The AMNPS on its maiden voyage. I loaded both ends, but only lit one.

It burned exactly 3.5 hours on the one row and produced nothing but thin blue smoke.






	

		
			
		

		
	
Th

Thanks for looking.

I could not and would not have attempted this without this board.

I have learned so much from this group.


----------



## graystratcat (Mar 4, 2012)

Great looking cheese TBS!  And I agree, the AMNPS is a great tool for cold smoking cheese!

As for the color of your smoked, cheese, I find that cold smoking at a warmer range, say around 75*-85* gives me a lot more color than running at lower temps.  As long as you stay below 100*, the cheese will be fine and should take on a lot more color....

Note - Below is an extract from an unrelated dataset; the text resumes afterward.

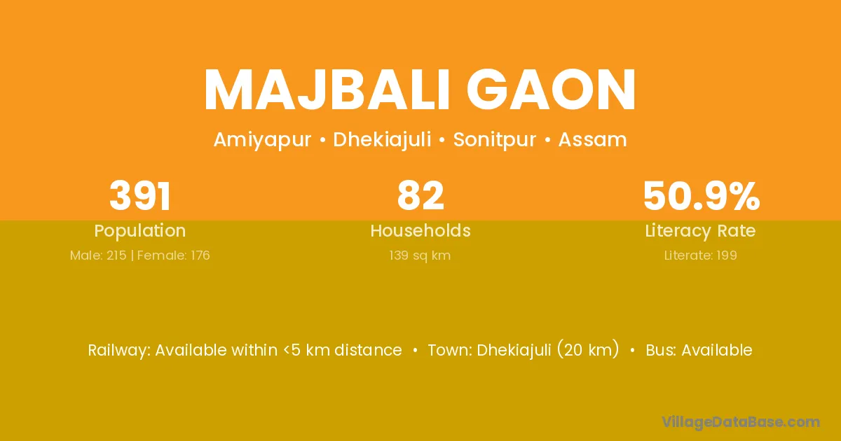 Dhekiajuli (20 km) is the nearest town to Majbali Gaon village for major economic activities and is located approximately 20 km away.

Best of luck with that 2 week wait... 
	

	
	
		
		



		
		
	


	





-Salt


----------



## SmokinAl (Mar 4, 2012)

The cheese sure looks good from here!


----------



## toad94 (Mar 4, 2012)

Looks good to me.  I just pulled mine out.  Will post it up.


----------



## thin blue smoke (Mar 6, 2012)

toad94 said:


> Looks good to me.  I just pulled mine out.  Will post it up.


Toad--yours looks great. Now we both have that two week wait.
 




GrayStratCat said:


> Great looking cheese TBS!  And I agree, the AMNPS is a great tool for cold smoking cheese!
> 
> As for the color of your smoked, cheese, I find that cold smoking at a warmer range, say around 75*-85* gives me a lot more color than running at lower temps.  As long as you stay below 100*, the cheese will be fine and should take on a lot more color....
> 
> ...


Salt--Thanks for the heads up. It was cold enough that morning that without any additional heat (other than the AMNPS) most of the smoke was well below the 75-85 degree range.
I remember reading that some folks fire the MES up to 100 degrees and then shut it off for the smoking process. With that said, I peeked at the cheese this morning and it has taken on a more smoked look.




SmokinAl said:


> The cheese sure looks good from here!


Thanks Al--will let you know how it turns out.


----------



## smokinhusker (Mar 6, 2012)

Great looking cheese...now the waiting begins!


----------



## scarbelly (Mar 6, 2012)

I am with Al - that is some great looking cheese


----------



## wildflower (Mar 6, 2012)

well, somebody had to do it


----------



## wingrider (Jul 4, 2012)

I just smoked my first batch of cheese using an AMNPS that I just got from Todd last week. Used 2/3 apple and 1/3 maple. Now since it's hot here in NC, and I didn't want to wait until November for cooler weather, I had to watch the temps pretty closely. I also kept an aluminum cake pan filled with ice on the lower shelf. Max temp in cheese 91. I could lower the smoker temp 10 degrees, and the cheese temp 2 degrees by putting in fresh ice.

My main comment however is: I tried loading up 3 trays with cheese spread about like the pics above. I could never get smoke to come out the vent packed that thickly. It would flow out the chip loader opening, and out the back drain opening. I ended up having to split the cheese into two loads. After that, smoke out the vent, no problem. Just saying...

After all the extra fooling around, it was 10:30 PM when I started timing the first batch, and finished up the second batch at 5 AM. Too strong flavor at the moment, but I like it strong, and I know I have to wait at least 2 weeks before I'm going to have any idea how this really turned out. Will vacuum pack later today and then the long wait begins.


----------



## savannahsmoker (Jul 4, 2012)

That cheese looks great.

To bad you have to wait to eat it.


----------



## ws6man (Jul 7, 2012)

I just ordered the tube smoker and can't wait to try it


----------